In the listing below, find the line with "Проверка на сервисе" and the line with "Кухонный нож Victorinox", then return them and every line between them exactly, minus the pictures.

→ **SOURCE MATERIAL**:
********

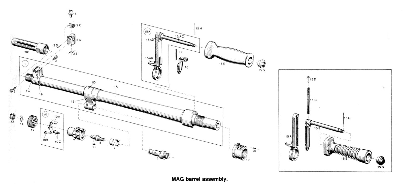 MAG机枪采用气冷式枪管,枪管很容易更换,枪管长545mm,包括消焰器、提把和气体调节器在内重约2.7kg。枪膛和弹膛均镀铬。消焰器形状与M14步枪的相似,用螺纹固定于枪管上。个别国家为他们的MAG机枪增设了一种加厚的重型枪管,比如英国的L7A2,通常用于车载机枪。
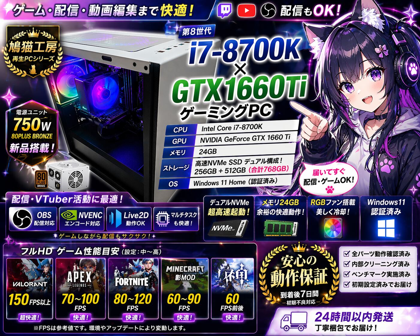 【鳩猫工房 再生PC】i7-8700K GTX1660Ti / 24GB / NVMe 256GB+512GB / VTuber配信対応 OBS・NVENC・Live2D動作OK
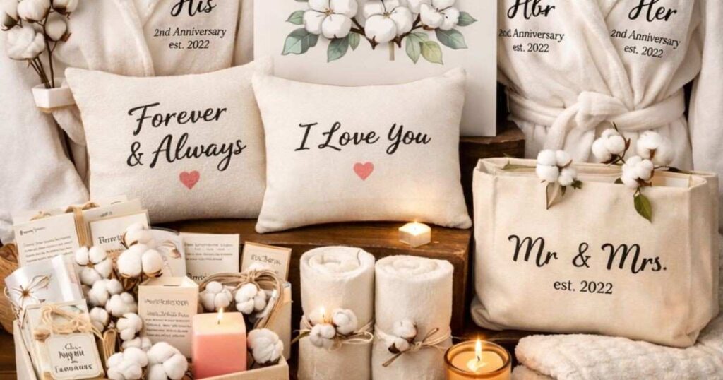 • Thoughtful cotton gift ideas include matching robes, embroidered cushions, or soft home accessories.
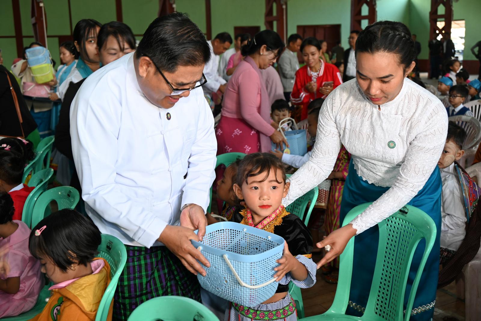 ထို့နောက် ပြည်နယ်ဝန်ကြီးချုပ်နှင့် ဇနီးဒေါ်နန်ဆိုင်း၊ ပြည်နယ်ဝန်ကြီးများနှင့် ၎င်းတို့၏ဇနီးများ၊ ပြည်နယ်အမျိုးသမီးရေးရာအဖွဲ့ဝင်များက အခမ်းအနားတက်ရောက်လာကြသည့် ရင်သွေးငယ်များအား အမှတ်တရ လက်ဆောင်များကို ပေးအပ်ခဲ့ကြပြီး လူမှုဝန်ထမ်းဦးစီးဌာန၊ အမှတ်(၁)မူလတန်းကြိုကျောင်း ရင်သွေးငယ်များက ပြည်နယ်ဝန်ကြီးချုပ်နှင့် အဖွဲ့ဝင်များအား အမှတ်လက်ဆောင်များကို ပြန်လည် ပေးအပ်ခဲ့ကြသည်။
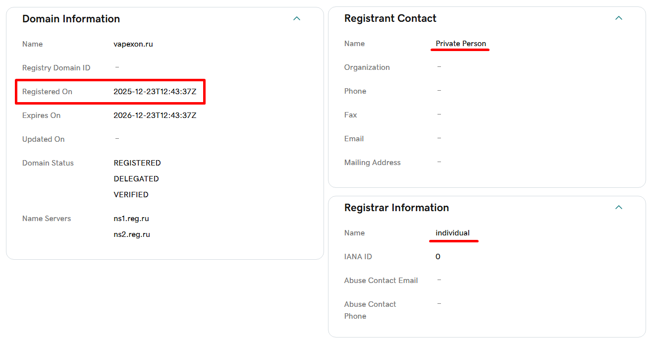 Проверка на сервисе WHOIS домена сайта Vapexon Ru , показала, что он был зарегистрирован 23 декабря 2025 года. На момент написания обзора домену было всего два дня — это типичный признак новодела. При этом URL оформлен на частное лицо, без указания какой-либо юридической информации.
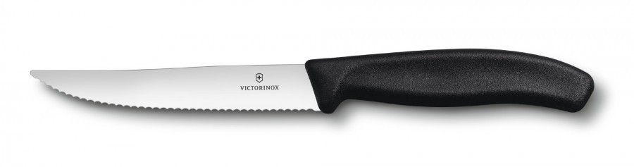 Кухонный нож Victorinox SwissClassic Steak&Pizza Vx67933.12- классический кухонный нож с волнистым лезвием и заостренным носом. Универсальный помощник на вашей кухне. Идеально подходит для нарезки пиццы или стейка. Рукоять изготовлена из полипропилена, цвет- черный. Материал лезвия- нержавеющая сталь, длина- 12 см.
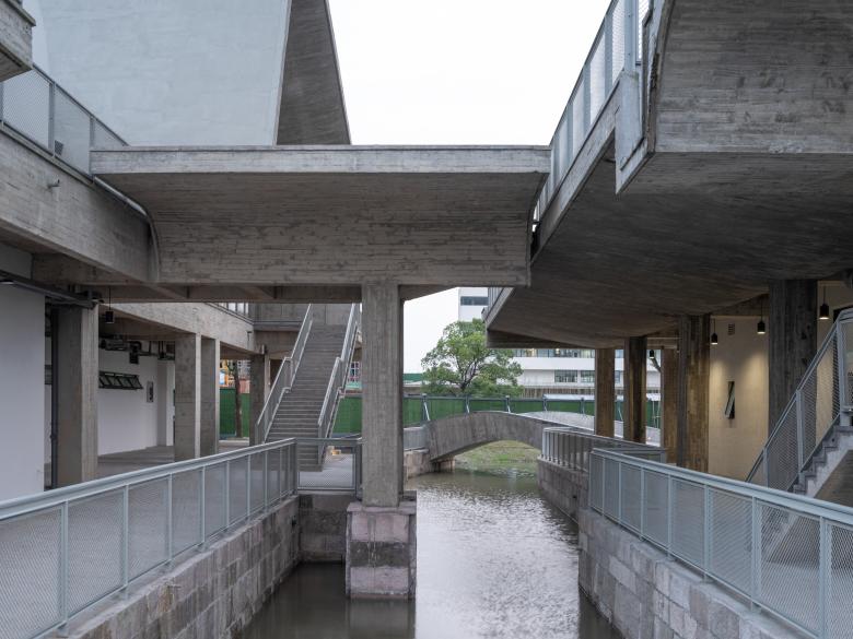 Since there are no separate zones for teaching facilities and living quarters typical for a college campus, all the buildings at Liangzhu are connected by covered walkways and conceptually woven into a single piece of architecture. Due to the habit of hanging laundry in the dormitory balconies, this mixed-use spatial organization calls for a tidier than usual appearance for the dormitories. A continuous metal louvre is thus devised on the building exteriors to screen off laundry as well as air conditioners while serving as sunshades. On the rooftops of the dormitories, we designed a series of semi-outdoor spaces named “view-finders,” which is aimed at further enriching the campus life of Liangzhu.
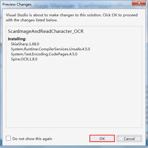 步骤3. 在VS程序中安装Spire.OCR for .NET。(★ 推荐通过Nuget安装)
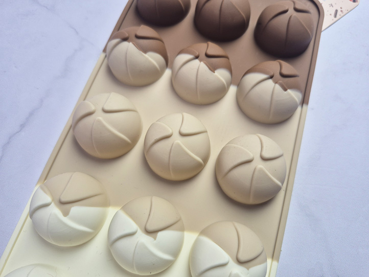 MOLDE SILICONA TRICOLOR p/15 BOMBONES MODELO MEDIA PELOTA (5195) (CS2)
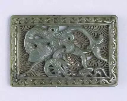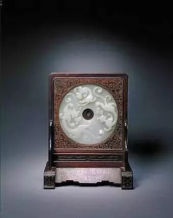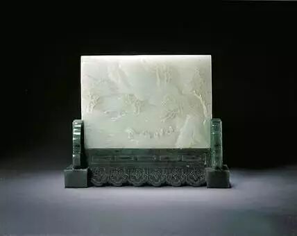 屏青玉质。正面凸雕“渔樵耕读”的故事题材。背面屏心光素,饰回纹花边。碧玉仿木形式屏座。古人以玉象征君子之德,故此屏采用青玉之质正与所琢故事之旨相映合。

********

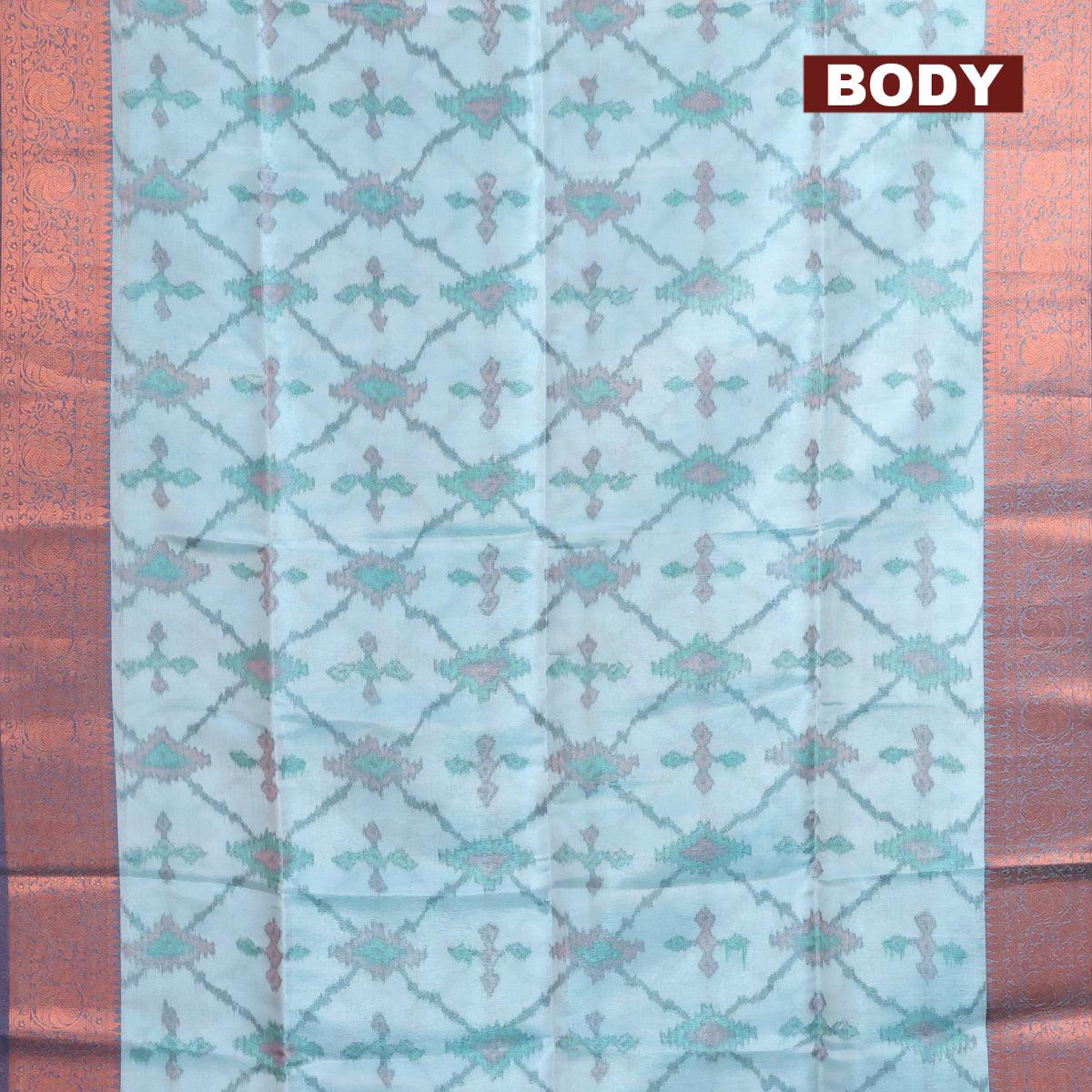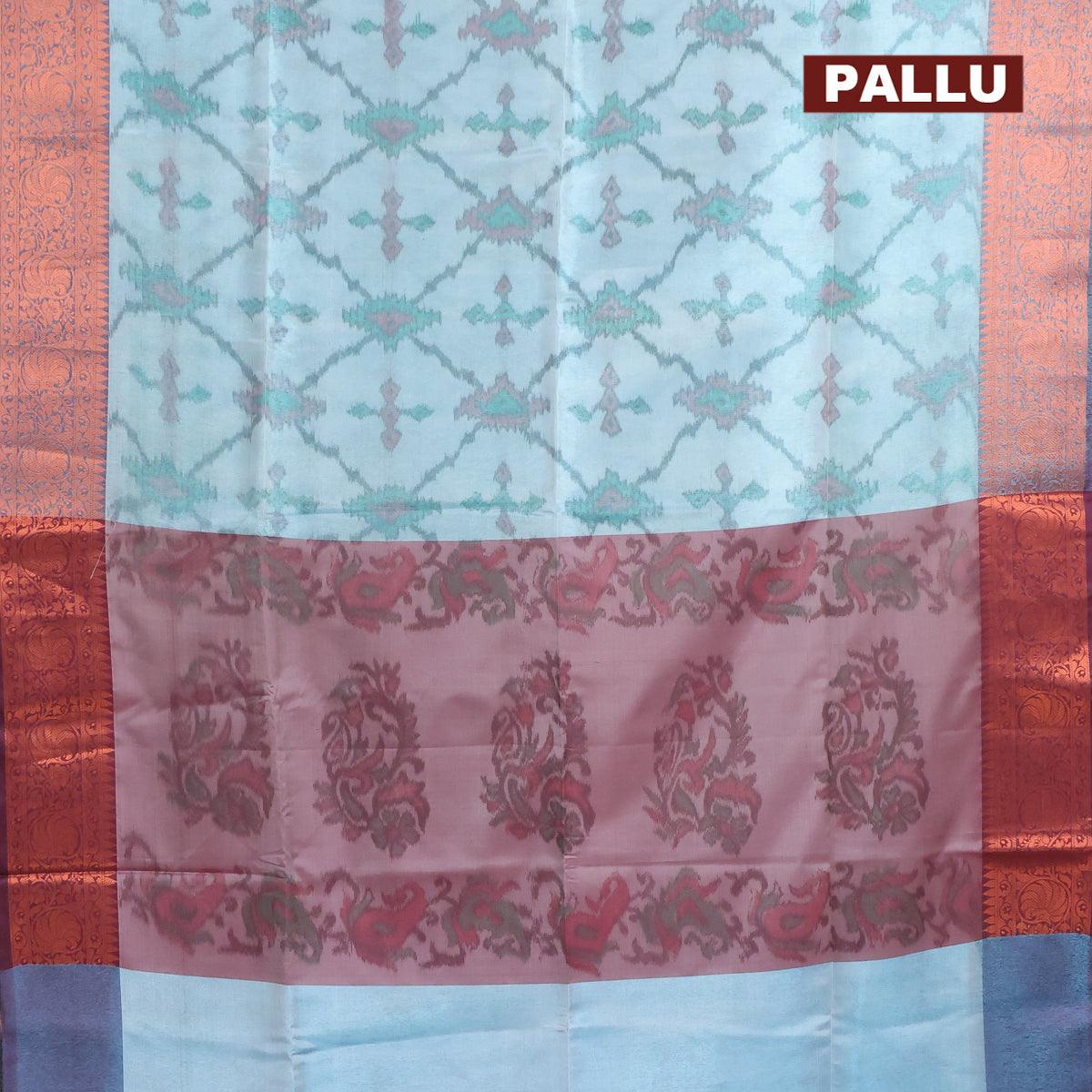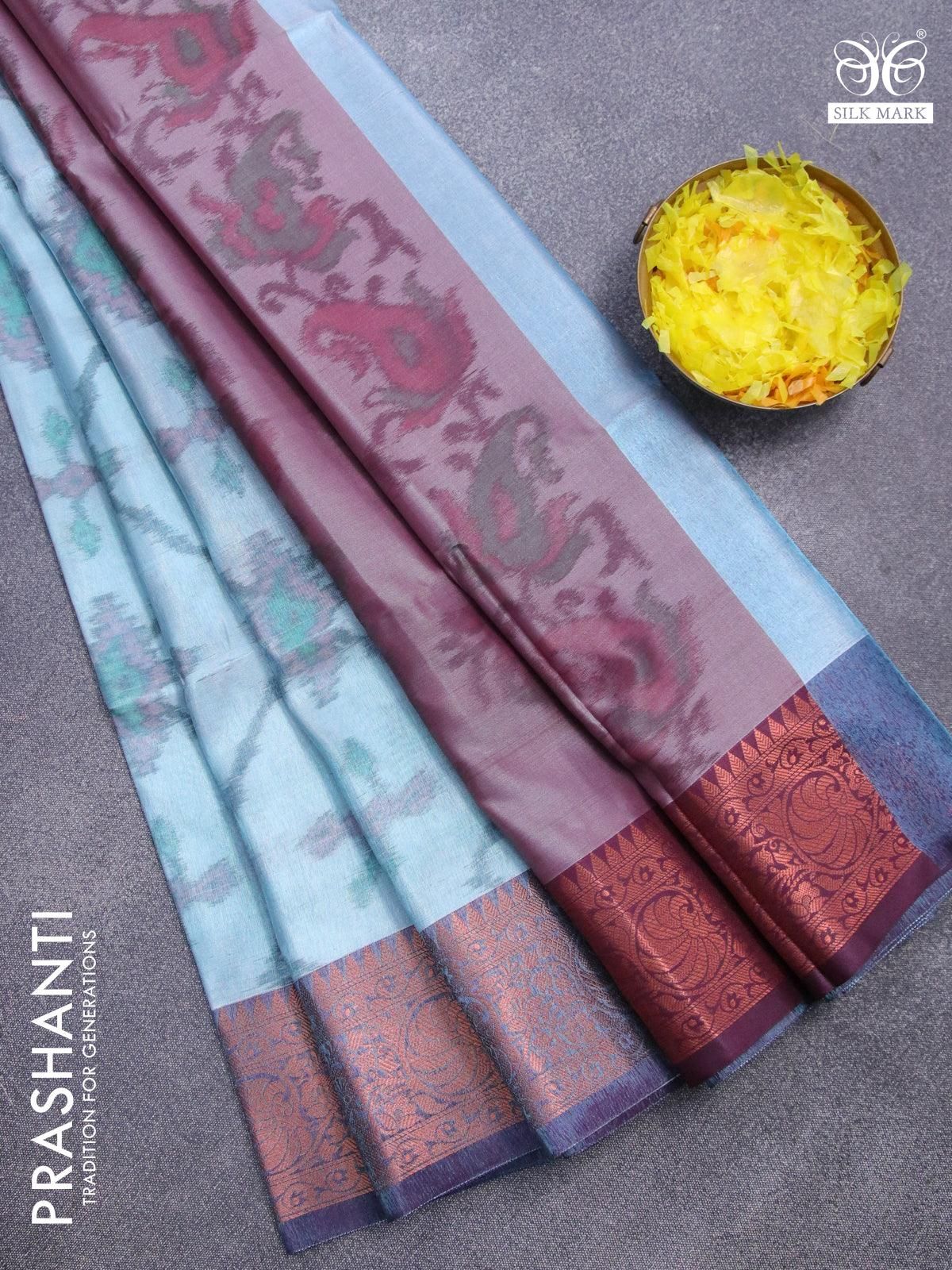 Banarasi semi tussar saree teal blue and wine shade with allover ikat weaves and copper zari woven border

********

→ **RESPONSE BELOW**:
 Проверка на сервисе WHOIS домена сайта Vapexon Ru , показала, что он был зарегистрирован 23 декабря 2025 года. На момент написания обзора домену было всего два дня — это типичный признак новодела. При этом URL оформлен на частное лицо, без указания какой-либо юридической информации.
 Кухонный нож Victorinox SwissClassic Steak&Pizza Vx67933.12- классический кухонный нож с волнистым лезвием и заостренным носом. Универсальный помощник на вашей кухне. Идеально подходит для нарезки пиццы или стейка. Рукоять изготовлена из полипропилена, цвет- черный. Материал лезвия- нержавеющая сталь, длина- 12 см.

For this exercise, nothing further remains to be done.